After she was declared dead, irate demonstrations broke out in her home province of Kurdistan as well as other major cities like Isfahan, Mashhad, Shiraz, and Tabriz.


Hengaw, a second rights organization located in Oslo, reported that the most recent violence occurred on Friday night in the city of Bokan in the province of West Azerbaijan. This Kurdish organization's report was unable to be independently verified.


Videos posted online show protesters burning a sizable billboard with the image of Iran's supreme leader Ayatollah Ali Khamenei in the city of Babol in the northern Mazandaran region.


The unconfirmed video purported to show demonstrators torching a Basij militia base on Ferdowsi Street in the center of Tehran.
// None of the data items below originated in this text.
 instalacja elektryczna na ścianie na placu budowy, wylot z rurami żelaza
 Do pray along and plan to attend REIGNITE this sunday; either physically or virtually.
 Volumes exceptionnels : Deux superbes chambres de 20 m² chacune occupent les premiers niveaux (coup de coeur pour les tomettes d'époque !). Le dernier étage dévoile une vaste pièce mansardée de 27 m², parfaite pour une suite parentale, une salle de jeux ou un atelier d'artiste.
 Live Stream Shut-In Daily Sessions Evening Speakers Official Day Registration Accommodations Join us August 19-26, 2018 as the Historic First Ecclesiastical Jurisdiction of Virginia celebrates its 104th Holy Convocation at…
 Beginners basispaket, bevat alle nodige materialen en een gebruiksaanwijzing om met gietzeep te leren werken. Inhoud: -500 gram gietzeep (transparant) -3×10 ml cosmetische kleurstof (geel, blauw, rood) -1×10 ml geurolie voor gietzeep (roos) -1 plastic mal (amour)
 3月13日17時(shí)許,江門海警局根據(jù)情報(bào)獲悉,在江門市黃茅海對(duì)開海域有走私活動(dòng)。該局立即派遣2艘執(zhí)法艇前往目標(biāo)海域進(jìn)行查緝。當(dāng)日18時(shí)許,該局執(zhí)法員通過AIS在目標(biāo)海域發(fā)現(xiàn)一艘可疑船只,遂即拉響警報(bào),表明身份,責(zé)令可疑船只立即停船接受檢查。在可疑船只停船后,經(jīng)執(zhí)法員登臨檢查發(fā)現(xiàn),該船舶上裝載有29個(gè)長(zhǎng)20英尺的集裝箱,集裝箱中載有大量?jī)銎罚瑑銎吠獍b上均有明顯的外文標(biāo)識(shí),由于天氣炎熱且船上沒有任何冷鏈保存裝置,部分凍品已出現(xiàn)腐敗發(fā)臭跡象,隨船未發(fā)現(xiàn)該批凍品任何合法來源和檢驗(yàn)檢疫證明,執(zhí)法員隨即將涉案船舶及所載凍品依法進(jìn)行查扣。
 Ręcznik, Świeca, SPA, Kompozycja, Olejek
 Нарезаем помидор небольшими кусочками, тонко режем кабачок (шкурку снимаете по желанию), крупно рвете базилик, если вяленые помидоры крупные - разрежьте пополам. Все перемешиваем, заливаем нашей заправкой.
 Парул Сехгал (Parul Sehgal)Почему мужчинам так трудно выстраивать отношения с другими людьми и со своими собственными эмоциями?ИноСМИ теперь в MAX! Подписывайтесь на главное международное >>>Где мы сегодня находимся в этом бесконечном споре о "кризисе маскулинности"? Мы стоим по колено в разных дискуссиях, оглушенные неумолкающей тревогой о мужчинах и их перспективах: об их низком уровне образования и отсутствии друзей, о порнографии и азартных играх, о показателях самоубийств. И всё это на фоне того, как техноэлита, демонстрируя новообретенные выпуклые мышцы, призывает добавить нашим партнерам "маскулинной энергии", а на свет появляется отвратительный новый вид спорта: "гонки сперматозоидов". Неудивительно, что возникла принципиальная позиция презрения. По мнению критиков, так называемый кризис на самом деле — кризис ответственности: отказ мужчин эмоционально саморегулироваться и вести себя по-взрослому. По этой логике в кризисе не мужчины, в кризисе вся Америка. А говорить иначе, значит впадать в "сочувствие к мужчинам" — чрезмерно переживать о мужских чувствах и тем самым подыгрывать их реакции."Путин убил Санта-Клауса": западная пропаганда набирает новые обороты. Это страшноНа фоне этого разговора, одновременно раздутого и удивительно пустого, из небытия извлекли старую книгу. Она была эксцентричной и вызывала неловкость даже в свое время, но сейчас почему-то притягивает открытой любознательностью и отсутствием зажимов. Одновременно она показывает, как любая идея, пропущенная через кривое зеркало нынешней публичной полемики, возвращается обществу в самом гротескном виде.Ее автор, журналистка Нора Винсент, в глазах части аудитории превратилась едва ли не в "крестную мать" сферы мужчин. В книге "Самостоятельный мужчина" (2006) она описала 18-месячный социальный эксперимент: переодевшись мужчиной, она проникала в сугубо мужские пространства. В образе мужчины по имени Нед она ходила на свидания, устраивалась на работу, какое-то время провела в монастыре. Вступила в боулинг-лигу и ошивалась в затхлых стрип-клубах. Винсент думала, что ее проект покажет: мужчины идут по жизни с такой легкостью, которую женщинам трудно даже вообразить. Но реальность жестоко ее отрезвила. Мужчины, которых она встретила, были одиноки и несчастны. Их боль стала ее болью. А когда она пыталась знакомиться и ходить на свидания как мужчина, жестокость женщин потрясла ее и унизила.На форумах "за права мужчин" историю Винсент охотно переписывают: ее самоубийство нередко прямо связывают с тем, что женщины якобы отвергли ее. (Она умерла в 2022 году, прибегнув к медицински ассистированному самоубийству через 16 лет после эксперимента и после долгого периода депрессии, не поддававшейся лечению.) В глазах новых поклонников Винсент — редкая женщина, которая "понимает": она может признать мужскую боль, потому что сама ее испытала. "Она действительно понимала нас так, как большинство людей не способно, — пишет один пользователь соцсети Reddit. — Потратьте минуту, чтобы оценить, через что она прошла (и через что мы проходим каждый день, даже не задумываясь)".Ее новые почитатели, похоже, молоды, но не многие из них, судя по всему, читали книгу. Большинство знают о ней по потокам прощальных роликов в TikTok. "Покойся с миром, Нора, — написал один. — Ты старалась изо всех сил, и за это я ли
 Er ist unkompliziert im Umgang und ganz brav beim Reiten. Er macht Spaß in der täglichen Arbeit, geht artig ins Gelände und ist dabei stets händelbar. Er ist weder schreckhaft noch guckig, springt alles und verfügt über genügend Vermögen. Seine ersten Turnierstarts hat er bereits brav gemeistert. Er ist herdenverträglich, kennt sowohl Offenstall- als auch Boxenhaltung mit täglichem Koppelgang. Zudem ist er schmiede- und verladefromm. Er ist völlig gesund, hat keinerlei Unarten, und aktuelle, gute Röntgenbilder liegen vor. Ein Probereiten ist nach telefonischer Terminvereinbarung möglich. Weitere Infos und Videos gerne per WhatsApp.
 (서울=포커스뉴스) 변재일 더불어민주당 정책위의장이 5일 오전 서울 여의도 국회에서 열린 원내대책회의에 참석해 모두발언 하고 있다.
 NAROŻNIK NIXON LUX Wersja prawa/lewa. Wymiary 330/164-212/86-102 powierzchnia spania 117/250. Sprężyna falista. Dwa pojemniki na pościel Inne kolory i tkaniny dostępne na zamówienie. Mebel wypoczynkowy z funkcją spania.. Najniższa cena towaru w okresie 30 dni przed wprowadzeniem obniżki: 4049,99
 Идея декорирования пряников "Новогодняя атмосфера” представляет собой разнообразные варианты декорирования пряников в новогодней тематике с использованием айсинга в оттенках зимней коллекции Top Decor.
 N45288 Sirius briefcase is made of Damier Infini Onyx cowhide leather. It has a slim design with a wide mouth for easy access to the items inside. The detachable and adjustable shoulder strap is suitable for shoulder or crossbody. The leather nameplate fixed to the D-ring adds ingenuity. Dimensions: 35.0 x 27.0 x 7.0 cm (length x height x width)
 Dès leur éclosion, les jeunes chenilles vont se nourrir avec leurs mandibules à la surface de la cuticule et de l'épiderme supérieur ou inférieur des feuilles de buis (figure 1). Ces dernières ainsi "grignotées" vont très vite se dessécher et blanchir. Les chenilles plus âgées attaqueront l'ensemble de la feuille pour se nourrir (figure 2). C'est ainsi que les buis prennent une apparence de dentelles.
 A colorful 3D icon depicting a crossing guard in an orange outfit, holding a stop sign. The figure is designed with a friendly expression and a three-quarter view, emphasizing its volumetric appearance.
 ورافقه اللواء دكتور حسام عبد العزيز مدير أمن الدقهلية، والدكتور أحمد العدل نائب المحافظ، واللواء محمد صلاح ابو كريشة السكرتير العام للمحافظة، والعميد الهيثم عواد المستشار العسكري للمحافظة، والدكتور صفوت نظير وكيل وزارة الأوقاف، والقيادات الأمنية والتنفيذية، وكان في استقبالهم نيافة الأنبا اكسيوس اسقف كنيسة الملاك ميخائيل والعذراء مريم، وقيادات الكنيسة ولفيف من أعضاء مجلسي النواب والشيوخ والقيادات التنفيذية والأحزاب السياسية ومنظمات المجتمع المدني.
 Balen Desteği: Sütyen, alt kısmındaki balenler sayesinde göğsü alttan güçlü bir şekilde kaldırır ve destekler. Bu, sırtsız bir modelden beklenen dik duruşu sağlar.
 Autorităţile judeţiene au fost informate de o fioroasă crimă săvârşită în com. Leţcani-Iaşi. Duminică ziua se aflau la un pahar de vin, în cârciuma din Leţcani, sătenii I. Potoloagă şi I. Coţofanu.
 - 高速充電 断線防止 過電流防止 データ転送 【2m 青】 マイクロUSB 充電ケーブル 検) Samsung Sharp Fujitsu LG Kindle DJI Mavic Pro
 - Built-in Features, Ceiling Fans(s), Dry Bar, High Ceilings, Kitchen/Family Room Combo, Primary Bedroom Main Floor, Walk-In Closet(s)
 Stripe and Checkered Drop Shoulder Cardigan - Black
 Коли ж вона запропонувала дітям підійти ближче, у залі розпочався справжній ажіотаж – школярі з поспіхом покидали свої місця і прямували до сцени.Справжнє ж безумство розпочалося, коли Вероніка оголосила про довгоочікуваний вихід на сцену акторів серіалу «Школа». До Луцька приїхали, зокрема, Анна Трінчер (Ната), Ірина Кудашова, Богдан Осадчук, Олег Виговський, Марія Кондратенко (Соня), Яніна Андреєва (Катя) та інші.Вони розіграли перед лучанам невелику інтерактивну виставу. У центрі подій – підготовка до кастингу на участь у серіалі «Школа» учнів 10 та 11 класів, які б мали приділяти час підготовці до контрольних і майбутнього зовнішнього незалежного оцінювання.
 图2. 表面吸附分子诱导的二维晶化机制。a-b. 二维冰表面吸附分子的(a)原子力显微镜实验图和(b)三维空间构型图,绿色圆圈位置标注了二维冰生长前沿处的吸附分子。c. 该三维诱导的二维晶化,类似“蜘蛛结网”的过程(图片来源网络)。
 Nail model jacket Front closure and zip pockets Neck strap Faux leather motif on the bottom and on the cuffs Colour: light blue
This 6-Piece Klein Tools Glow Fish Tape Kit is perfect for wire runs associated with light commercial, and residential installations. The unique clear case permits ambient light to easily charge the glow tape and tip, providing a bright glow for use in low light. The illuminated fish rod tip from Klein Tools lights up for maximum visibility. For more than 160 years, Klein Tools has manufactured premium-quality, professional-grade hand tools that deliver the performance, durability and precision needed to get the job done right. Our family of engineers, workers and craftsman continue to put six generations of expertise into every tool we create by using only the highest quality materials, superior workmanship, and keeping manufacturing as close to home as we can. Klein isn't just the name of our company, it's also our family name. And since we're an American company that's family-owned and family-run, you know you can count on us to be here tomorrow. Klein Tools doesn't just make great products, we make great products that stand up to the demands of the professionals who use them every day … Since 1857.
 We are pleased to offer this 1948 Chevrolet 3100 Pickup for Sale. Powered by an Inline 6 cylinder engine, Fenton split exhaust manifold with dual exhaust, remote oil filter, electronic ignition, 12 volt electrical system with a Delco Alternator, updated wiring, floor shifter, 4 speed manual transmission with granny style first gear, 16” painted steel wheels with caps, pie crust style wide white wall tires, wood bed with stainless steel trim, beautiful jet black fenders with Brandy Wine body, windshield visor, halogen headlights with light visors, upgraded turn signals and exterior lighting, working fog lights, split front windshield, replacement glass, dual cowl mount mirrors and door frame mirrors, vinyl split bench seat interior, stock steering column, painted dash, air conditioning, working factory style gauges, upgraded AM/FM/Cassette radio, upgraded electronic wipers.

It wasn't immediately possible to confirm it.


Video footage that went viral on social media showed some female protesters resolutely taking off their hijabs and burning them in bonfires or symbolically cutting their hair in front of cheering crowds.


"Bleeding copiously"

According to state news agency IRNA, protesters have stoned security personnel, burned police vehicles, and screamed anti-government chants.


According to social media videos that also show protestors bleeding excessively, the government has retaliated with live bullets, pellet guns, and tear gas, according to the New York-based Center for Human Rights in Iran (CHRI).


A "curfew-style pattern of disturbances" has been observed in the restriction of internet access, according to the online monitoring service NetBlocks.


According to NetBlocks, "online platforms remained constrained, connectivity is sporadic for many users, and mobile internet was disrupted for a third day on Friday."


According to Iran's Fars news agency, actions were taken in response to "the operations carried out via these social networks by counter-revolutionaries against national security."


At a news conference in New York, where he was attending the UN General Assembly, President Ebrahim Raisi remarked on Thursday: "We must distinguish between demonstrators and vandalism."


The disturbance occurs at a delicate moment for the government because the Iranian economy is still struggling due to US sanctions over its nuclear program.